Keyboard shortcuts

Press or to navigate between chapters

Press S or / to search in the book

Press ? to show this help

Press Esc to hide this help

Server Cluster Monitoring

The monitoring module provides a comprehensive observability stack for the server cluster using Prometheus (metrics), Loki (logs), and Grafana (visualization).

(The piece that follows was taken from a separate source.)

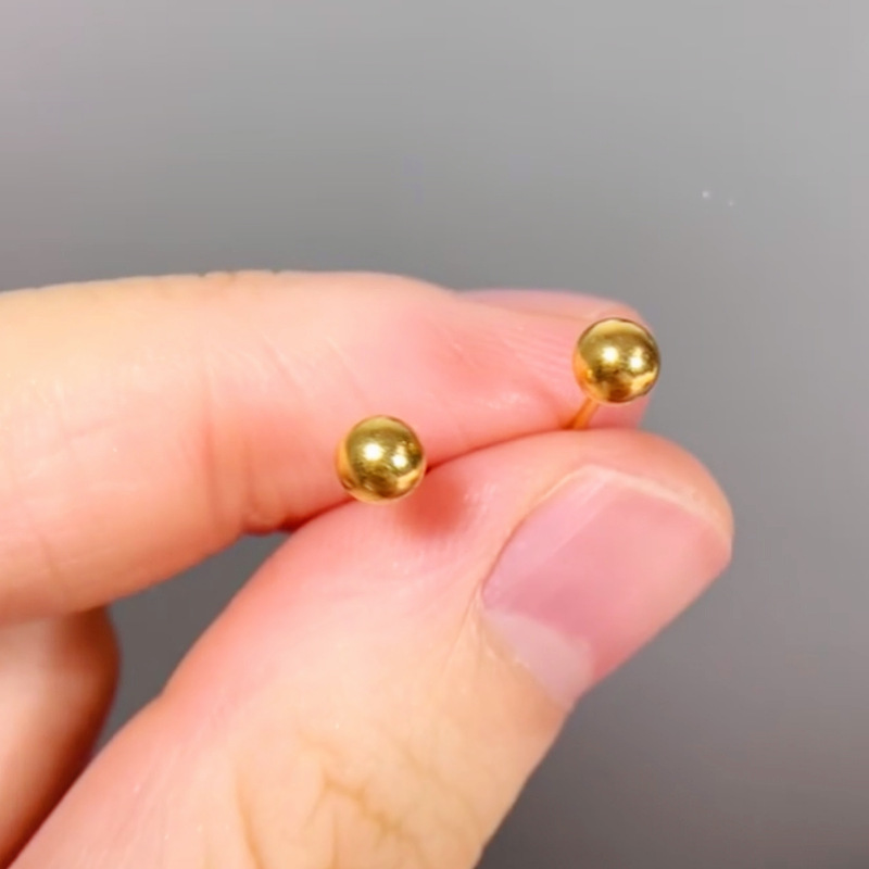 999足金包银圆珠耳钉简约豆豆光珠耳环时尚百搭养耳洞金包银首饰
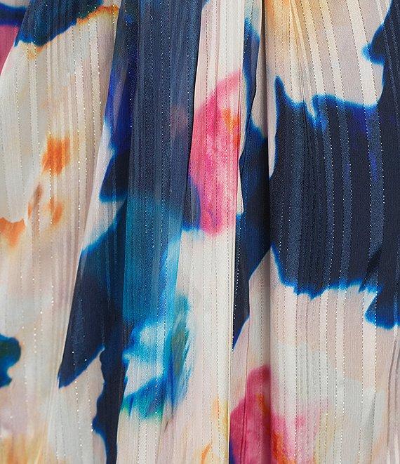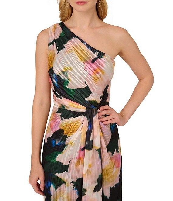 Adrianna Papell Floral Metallic Satin One Shoulder Sleeveless Twist Waist Gown

All components are configured as reusable NixOS modules with automatic cross-host discovery.

Overview

The system consists of three layers:

  1. Exporters (run on all servers)

    • node_exporter for system-level metrics (CPU, memory, disk, network, per-process stats)
    • Grafana Alloy for shipping journald logs and Caddy access logs to Loki
    • Caddy access logs are parsed as JSON at ingest time so detected_level, logger, and status are available in Loki
    • Ingest-time log parsing for journal stdout entries and Caddy access logs to infer detected_level and normalize common timestamp formats
    • Application-specific exporters (Caddy, PostgreSQL, Redis) enabled automatically
  2. Collectors (run on the monitoring primary host)

    • Prometheus for metrics aggregation with 90-day retention
    • Loki for log aggregation with 90-day retention
    • Alertmanager for alert routing and notifications
  3. Visualization (runs on the monitoring primary host)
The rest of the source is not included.